(Material provided begins)

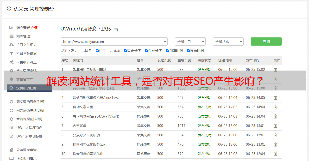 优采云 发布时间: 2022-11-03 18:47解读:网站统计工具,是否对百度SEO产生影响?
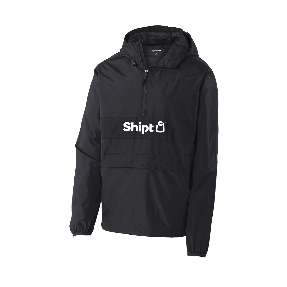 A wind- and water-resistant anorak designed for protection and convenience, featuring a three-panel hood with drawcord, secure zippered pockets, stretch cuff bindings, and a slight drop-tail hem for added coverage.
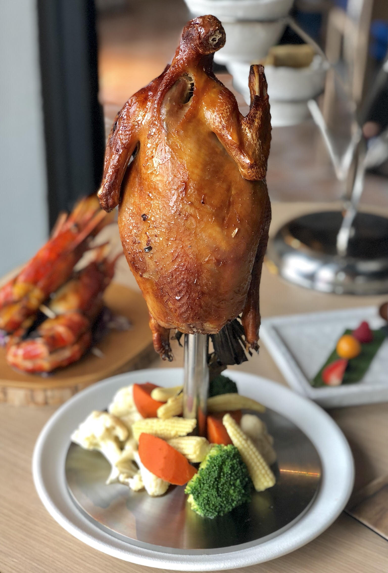 師傅先將葵花雞用秘製香料醃製一天至入味,再清湯浸泡並風乾一天,最後烤焗至皮脆肉嫩。

(Material provided ends)

Exercise details:
Without including a single picture, restate all of the data word for word.

Expected output:
 优采云 发布时间: 2022-11-03 18:47解读:网站统计工具,是否对百度SEO产生影响?
 A wind- and water-resistant anorak designed for protection and convenience, featuring a three-panel hood with drawcord, secure zippered pockets, stretch cuff bindings, and a slight drop-tail hem for added coverage.
 師傅先將葵花雞用秘製香料醃製一天至入味,再清湯浸泡並風乾一天,最後烤焗至皮脆肉嫩。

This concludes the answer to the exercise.